O tratamento para a insensibilidade parcial aos andrógenos é mais variável. Historicamente, indivíduos com genitália ambígua foram submetidos a cirurgias genitais. Essas cirurgias geralmente foram planejadas para fazer os órgãos genitais parecerem mais femininos. No entanto, tiveram efeitos permanentes na capacidade dos indivíduos de experimentar satisfação sexual. Portanto, essas cirurgias não são mais utilizadas como padrão.

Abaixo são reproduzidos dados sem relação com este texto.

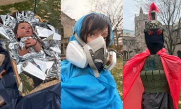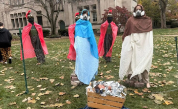 Las máscaras protectoras usadas por María y José aluden a las armas químicas usadas por el Gobierno federal contra la gente en Chicago y Evanston, y no solo contra quienes protestaban, sino además periodistas y miembros de la comunidad, se lamentó “hasta niños que se preparaban para un desfile de Halloween fueron víctimas de la represión con gases.

Para indivíduos que parecem ser do sexo feminino no momento do nascimento, o tratamento para PAIS é o mesmo que para CAIS. No entanto, os testículos podem ser removidos antes da puberdade para evitar o aumento do clitóris e a fusão dos lábios. Indivíduos que têm pênis geralmente recebem e mantêm uma identidade de gênero masculina. Isto é provável, pelo menos em parte, porque o desenvolvimento do género no cérebro também responde aos andrógenos. No entanto, também para estes indivíduos, as gónadas são geralmente removidas no final da adolescência, devido a um risco elevado de cancro.
Indivíduos com EIA também podem receber terapia de reposição hormonal, geralmente na forma de estrogênio. Isso ocorre porque os hormônios sexuais desempenham um papel em diversas áreas da saúde, incluindo a saúde óssea. Indivíduos com PAIS podem ter desenvolvimento ósseo suficiente com testosterona testicular.
Enfrentando
Indivíduos com insensibilidade aos andrógenos geralmente apresentam bons resultados físicos. No entanto, a insensibilidade aos andrógenos pode estar associada a problemas psicossociais. Recomenda-se educar a pessoa com informações adequadas à idade sobre sua condição.
Os jovens diagnosticados com insensibilidade aos androgénios podem ter dúvidas sobre o seu género e identidade sexual. Podem precisar de apoio para compreender que sexo e género não são tão simples como foram ensinados na escola.
Além disso, pode ser difícil para qualquer indivíduo lidar com a infertilidade. Para algumas pessoas, saber que nunca poderão ter filhos biológicos pode ser devastador. Eles podem questionar sua feminilidade e/ou masculinidade. Eles também podem se perguntar se algum dia conseguirão ter um relacionamento bem-sucedido.
Como tal, pode ser útil procurar apoio, quer de outras pessoas com condições semelhantes, quer de outras pessoas que lidam com infertilidade permanente. Existem vários grupos de apoio disponíveis em todo o país, tanto online quanto pessoalmente.